Page 80 - USHUL FIKIH_INDONESIA_MAPK_KELAS XII_KSKK
P. 80
Ini dalam istilah hukum Islam disebut “ta‘arudh” (ضراعت)atau “ta‘adul” (لداعت)atau
“taqabul” (لباقت). Ketiga istilah itu memang pada dasarnya berbeda artinya, namun
memiliki kesamaan dalam hal adanya perbedaan. Jadi, yang dimaksud dengan
perbenturan dalil-dalil hukum adalah saling berlawanannya dua dalil hukum yang salah
satu di antara dua dalil itu menafikan hukum yang ditunjuk oleh dalil lainnya.

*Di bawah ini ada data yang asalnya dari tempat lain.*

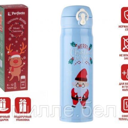 Термос, 480 мл, нержавеющая сталь, MERRY CHRISTMAS, голубой, Санта, PERFECTO LINEA
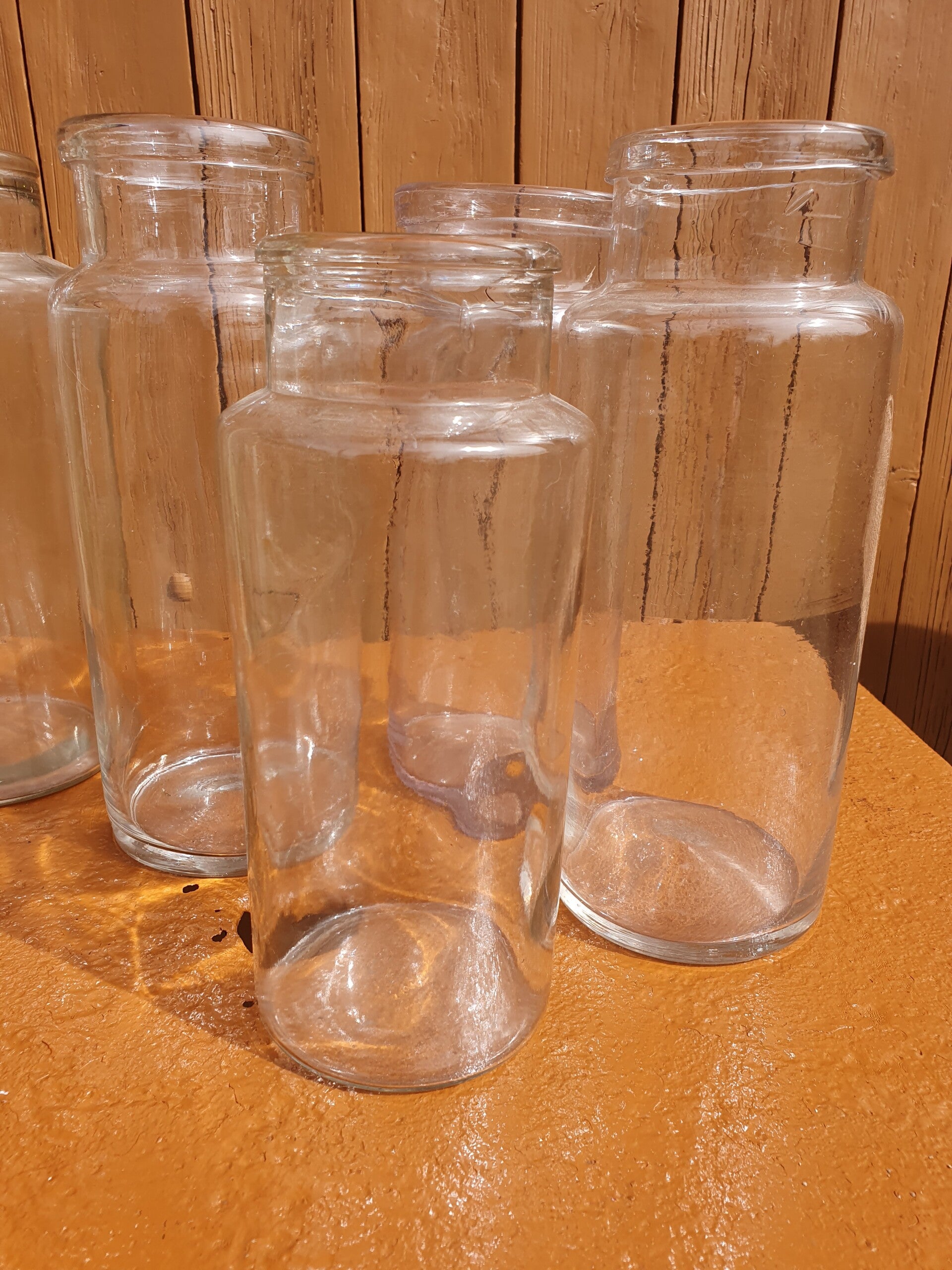 Mooie oude franse voorraadpot van helder glas met een verdikte rand, met een inhoud van 2 liter. Werd vroeger gebruikt voor augurken of kersen te conserveren. Nu perfect voor bijvoorbeeld de pasta of andere voorraad, met schelpen of mooie stenen, maar ook leuk met een bos bloemen. Leuk om er een paar bij elkaar te zetten. De pot is 26 cm hoog en heeft een opening van 9 cm.
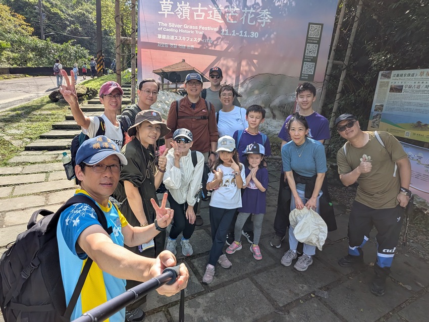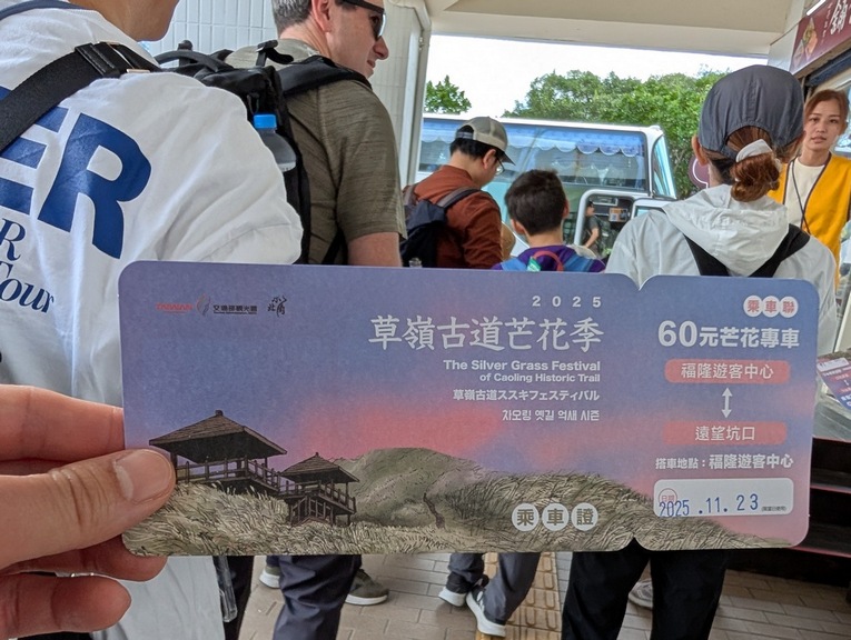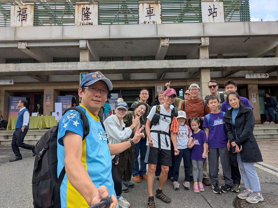 一開始是WSH貼了一張2016年FB的草嶺古道回顧照片,而我本人2005年搬到頭份後,就再也沒有去走過了,就慫恿大家約起來,於是大家喬了一下時間,約定11月23日11點福隆火車站集合。大家分坐同一班自強號,不同車站上車,座位也不同,到福隆出站順利集合。但車上發生一個小插曲,七堵站一過車上廣播就出錯,先是下一站直接跳到好像是彰化的二林,後來修正但仍然錯誤的宜蘭站,福隆站被跳過了,坐我旁邊的乘客也嚇一跳問我是不是福隆站已經過去了,後來知道分坐不同車廂的大家旁邊的乘客也是一樣,原來這班車應該超過一半都是要去走草嶺古道的,因為剛好是芒花季啊。
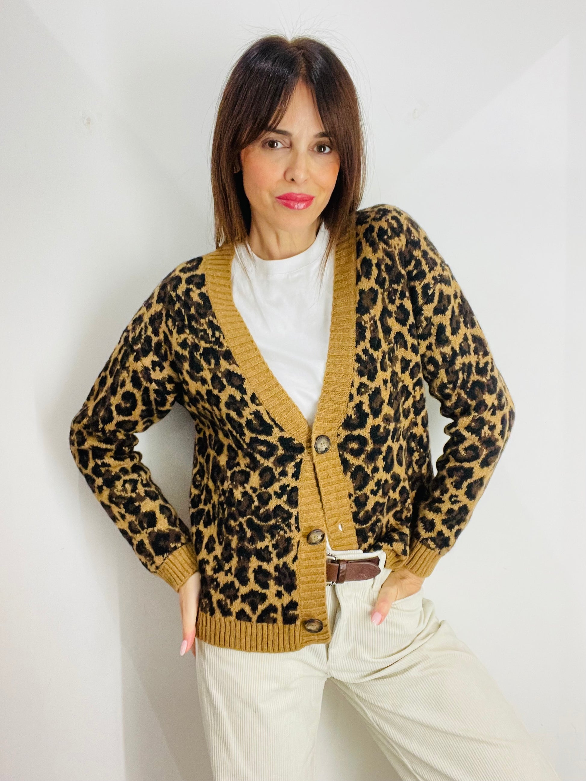 Cardigan scollo a V in fantasia maculato, dettagli di costina sul fondo manica sul fondo cardigan e sullo scollo, chiusura a tre bottoni
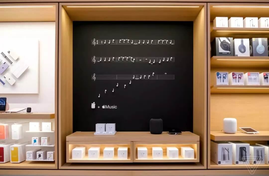 該店鋪內(nèi)重新設(shè)計了攝影大道,其背景墻適用于新款手機(jī)的拍照測試,這里也是世界上第一個開設(shè)專門展示AirPods的大道的商店。
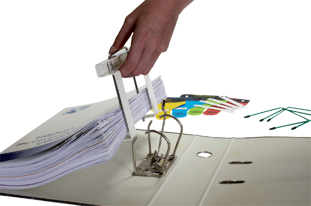* Hevelapparaat voor het moeiteloos uitlichten van een ordnerinhoud. * Met de uitneembare hevel kunt u documenten uit de bundel nemen en terugplaatsen. * Werkt samen met bundelbeugels met schroefdop. * Recyclebaar. * Bevat geen schadelijke stoffen en zware metalen. * Levenslange garantie.
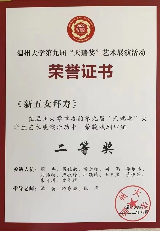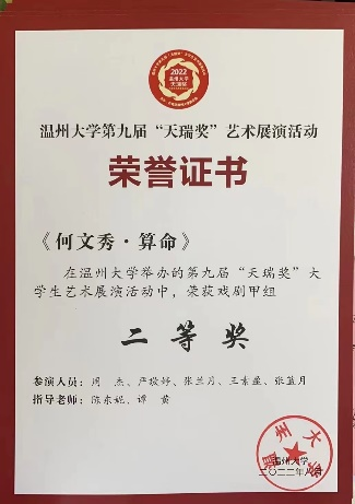 同时,慢慢崛起的红楼越剧社也得到了社会上的关注。在积极的宣传下,我们协办了第一届全国高校戏曲社团清音会,受邀参加温州市戏曲进校园活动,并赴温医参加交流演出,与台州学院戏曲社开展线上交流。暑期,社团参加了8868体育_8868(中国)第九届“天瑞奖”大学生艺术展演并取得两个二等奖,受茶山派出所之邀参与了反诈视频的拍摄,红楼越剧社荣升为五星级社团。这一年,社团成功举办了大小活动51次,微刊总量达38篇。
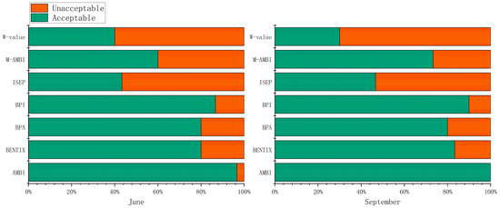 | Shannon–Wiener Evenness Proportion (ISEP) | Acceptable ≥ 0.359; Unacceptable < 0.359 | [42] | |
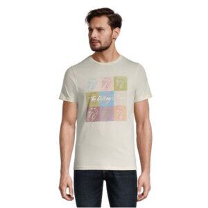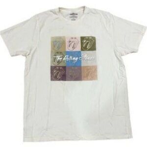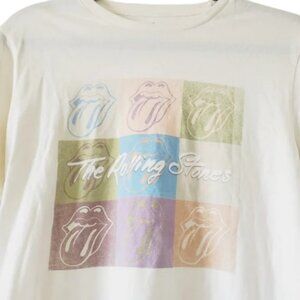 A Rolling Stones graphic t-shirt from the brand Urban Outfitters. It features the band's iconic tongue logo in a grid pattern with various colors and the band's name printed below the graphic. Graphic tees are a popular casual style and can be dressed up or down.
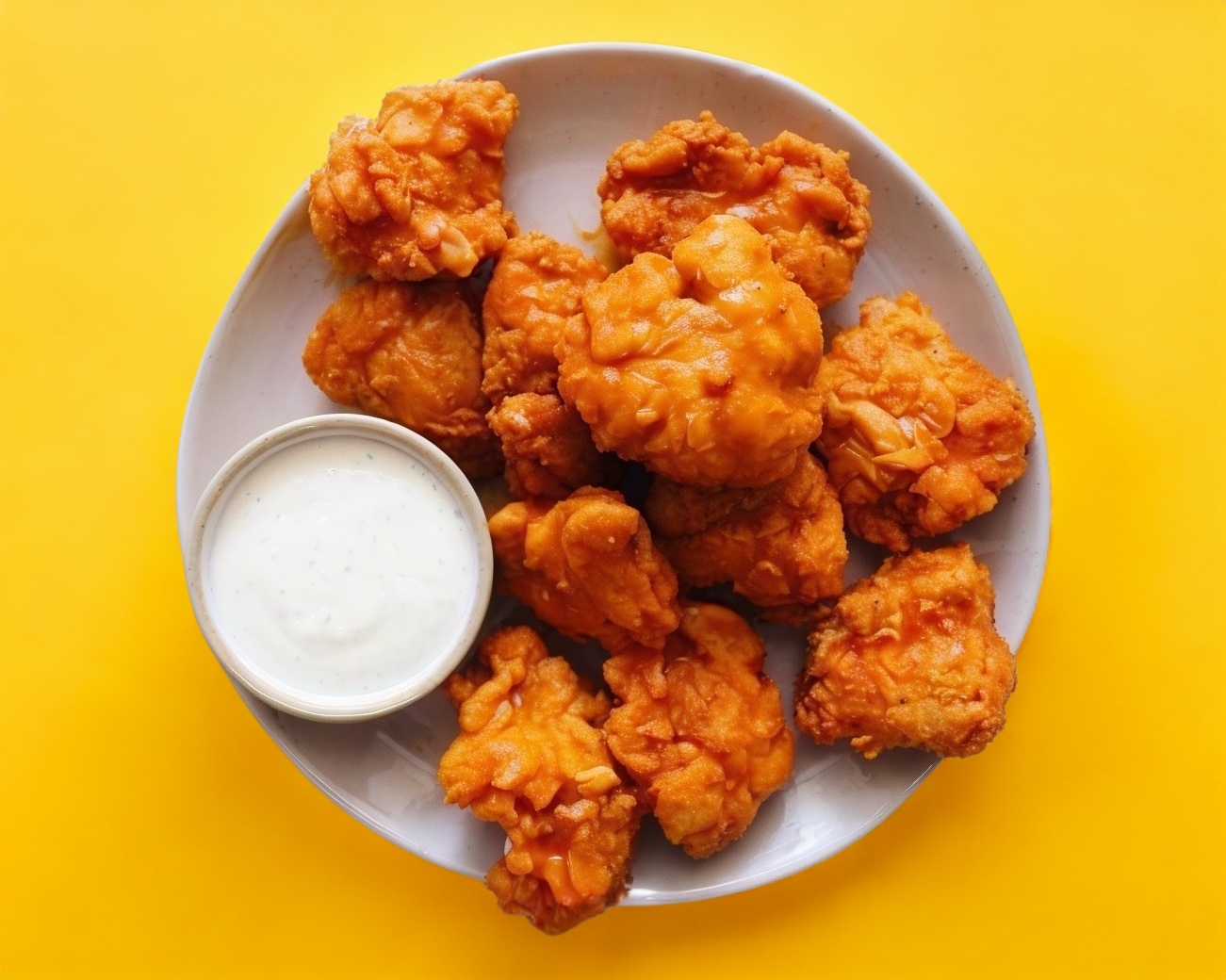 Medio kilo de boneless, aproximadamente entre 18 a 22 piezas. Bañados en la salsa a elección, acompañados con 2 aderezos ranch.
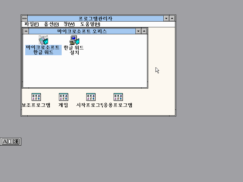 워드 5.0이 설치된 모습입니다. 마이크로소프트 오피스 그룹에 워드만 달랑 하나 있습니다.

Ta‘arud al-adillah adalah kontradiksi antara kandungan salah satu dari dua dalil
yang sama derajatnya dengan dalil lain. Kontradiksi itu dapat terjadi antara ayat al-
Qur’an dengan ayat al-Qur’an yang lain, hadis mutawatir dengan hadis mutawatir, hadis
ahad dengan hadis ahad, dan antara qiyas dengan qiyas yang lain. Jadi, ta‘arud tidak
akan terjadi sekiranya derajat kedua dalil yang saling kontradiksi itu berbeda, misalnya
yang satu berupa ayat al-Qur’an dan yang lain berupa hadis.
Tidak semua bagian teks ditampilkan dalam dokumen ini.